Northpond Ventures GP, LLC - Jun 5, 2023 Form 4 Insider Report for Telesis Bio Inc. (TBIO)

Role
Director, 10%+ Owner
Signature
Northpond Ventures GP, LLC, By: /s/ Patrick Smerkers, Chief Financial Officer, Partner
Stock symbol
TBIO
Transactions as of
Jun 5, 2023
Transactions value $
$8,000,000
Form type
4
Date filed
6/7/2023, 06:15 PM
Previous filing
Jan 11, 2022
Next filing
Jun 23, 2023

Derivative Securities (e.g., puts, calls, warrants, options, convertible securities)

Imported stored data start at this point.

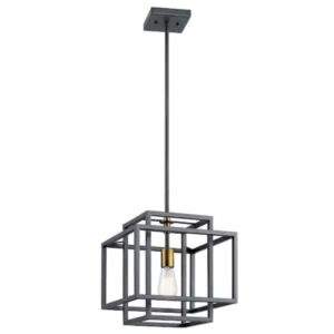 KICHLER 43982BK Taubert 1-Light Black/Natural Brass Mid-Century Modern Foyer Pendant Hanging Light
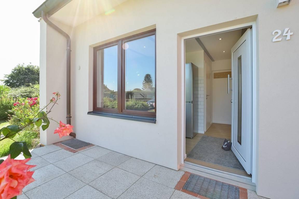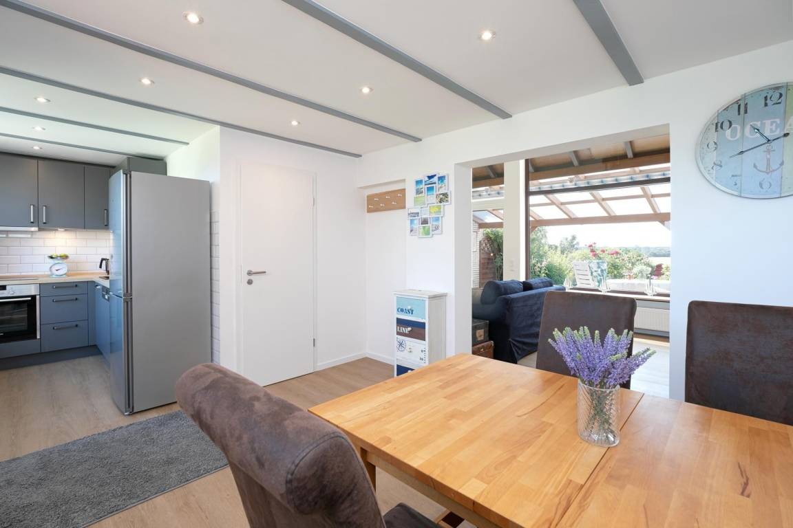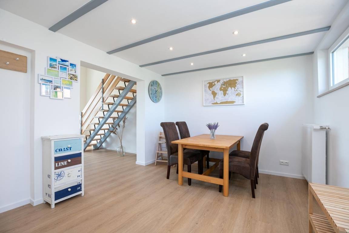 Als besonderes Highlight erhalten Sie einen Gratis-Besuch im Zoo Arche Noah in Grömitz. Öffnen Sie die Tür in Ihren Urlaub und fühlen Sie sich sofort zu Hause im großen freundlichen Esszimmer mit angrenzender Küche. Hier kommt die Familie zusammen und kann beim Essen oder Spielen wertvolle Zeit miteinander verbringen. Die moderne voll ausgestattete Küche lässt keine Wünsche offen, ein Herd mit 4 Kochfeldern und Backofen, großer Kühl-/Gefrierkombination, Spülmaschine, Kaffeemaschine, Eierkocher, Mixer, Toaster und Wasserkocher gehören zum Inventar. Im offenen lichtdurchfluteten Wohnzimmer mit gemütlicher Couchgarnitur, Kamin und TV (mit Fire-TV-Stick zur Nutzung von Netflix, Amazon Prime etc.) haben Sie Zugang zur wunderschönen 26 m² großen möblierten, überdachten Terrasse mit Garten. Diesen erreichen Sie über eine Holztreppe. Verbringen Sie behagliche Stunden mit freiem Blick auf das Feld, oder lassen Sie sich an der Feuerstelle einen selbst gegrillten, fangfrischen Ostseefisch schmecken. Das geschmackvolle Tageslicht-Bad im Erdgeschoss verfügt über eine komfortable bodentiefe Dusche, Handtuchheizung, WC, Fön und Waschmaschine. Im Obergeschoss mit Dachschrägen befindet sich ein Schlafzimmer mit bequemem Doppelbett (2x 90x200 cm) und Kleiderschrank, sowie ein zweites Schlafzimmer mit 2 Einzelbetten (je 90x200 cm) und kleinem Kleiderschrank für die Urlaubsgarderobe. Die Velux-Fenster lassen sich zur Nachtruhe jeweils mit einem Rollo verdunkeln.
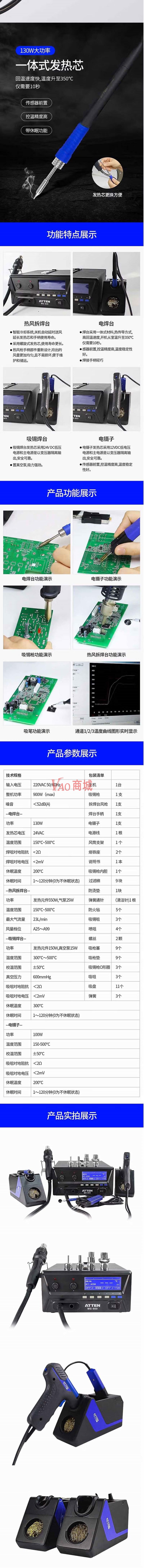 安泰信(ATTEN)焊台热风枪手柄配件AP-550B+焊台配件(AT852D/AT850D V1.0)220-240V
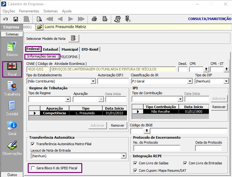 3- Marque a opção Gere Bloco K do SPED Fiscal e salve o cadastro
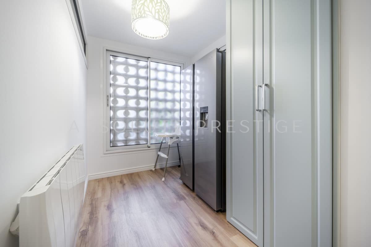 The kitchen is designed for functionality, while the open-plan living and dining areas create a seamless flow throughout the apartment. Additional features include a private parking space in the underground garage and a storage room for added convenience.
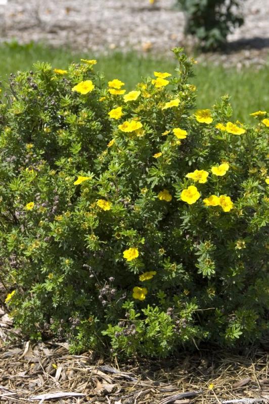 (Potentilla) from the University of Manitoba; yellow flowers with shades of orange and red radiating from the centers; compact, tidy plant, only 2' tall and wide; sun; Zone 2

Type Sym Class Transaction Value $ Shares Change % Price $ Shares After Date Underlying Class Amount Exercise Price Ownership Footnotes
transaction TBIO Redeemable Convertible Preferred Stock +Grant/Award $8,000,000 +80,000 +2.42% $100.00 3,385,097 Jun 5, 2023 Common Stock 3,385,097 $2.36 See Footnote F1, F2, F3
transaction TBIO Long-Term Warrants +Grant/Award $0 +3,385,097 $0.00 3,385,097 Jun 5, 2023 Common Stock 3,385,097 $2.60 See Footnote F3, F4, F6
transaction TBIO Short-Term Warrants +Grant/Award $0 +1,692,549 $0.00 1,692,549 Jun 5, 2023 Common Stock 1,692,549 $2.60 See Footnote F3, F4, F5, F6

Explanation of Responses:

Id Content
F1 The number of shares of common stock, par value $0.0001 per share, of the Issuer ("Common Stock") deliverable upon conversion of each share of redeemable convertible preferred stock, par value $0.0001 per share, of the Issuer (the "Preferred Stock") is calculated for purposes of this Form 4 by dividing the "Accrued Value" of all Preferred Stock acquired by Northpond Ventures, LP ("NPV I") as reported in this Form 4 (which aggregate Accrued Value is currently $8.0 million) by a Conversion Price per share of Preferred Stock of $2.3633 (which is the Conversion Price per share currently in effect for the Preferred Stock).
F2 (continued from Footnote 1) The Accrued Value is subject to increase from time to time for accrued and unpaid dividends on the Preferred Stock, and the Conversion Price is subject to customary antidilution adjustments, and each is further defined and described in the Certificate of Designation of the Preferred Stock that the Issuer filed with the Secretary of State of the State of Delaware on June 1, 2023. The Preferred Stock is convertible into Common Stock at any time at the election of NPV I and is redeemable at any time after June 5, 2030 at the election of either NPV I or the Issuer. The Preferred Stock has no expiration date.
F3 NPV I acquired the Preferred Stock and each of the Warrants (defined below) pursuant to the redeemable convertible preferred stock and warrant purchase agreement, dated as of May 31, 2023, by and among NPV I, the Issuer and the other investors party thereto (the "Purchase Agreement"), and NPV I holds the Preferred Stock and the Warrants directly. Each of Northpond Ventures GP, LLC ("NPV I GP"), the general partner of NPV I, and Michael P. Rubin, the managing member of NPV I GP, may be deemed to be the beneficial owner of the Preferred Stock and the Warrants held by NPV I, as a result of such relationships. Each of the reporting persons disclaims beneficial ownership of the Preferred Stock and the Warrants held by NPV I, expect to the extent of its or his respective pecuniary interested therein.
F4 The number of shares of Common Stock underlying this warrant and the exercise price are subject to customary adjustments in the event of any stock split, stock dividend and/or certain other events involving the Issuer.
F5 The number of shares of Common Stock underlying this warrant (together with the warrant described in footnote 3, the "Warrants") and the exercise price are subject to customary adjustments in the event of any stock split, stock dividend and/or certain other events involving the Issuer.
F6 NPV I paid no additional purchase-price consideration to acquire the Warrants pursuant to the Purchase Agreement, as all purchase-price consideration thereunder was attributable to the Preferred Stock.

Remarks:

Andrea Jackson, a Partner at Northpond Ventures, serves on the Issuer's board of directors (the "Board") as a representative of the Reporting Persons. By virtue of her representation on the Board, for purposes of Section 16 of the Securities Exchange Act of 1934, as amended, the Reporting Persons are deemed to be directors of the Issuer by deputization.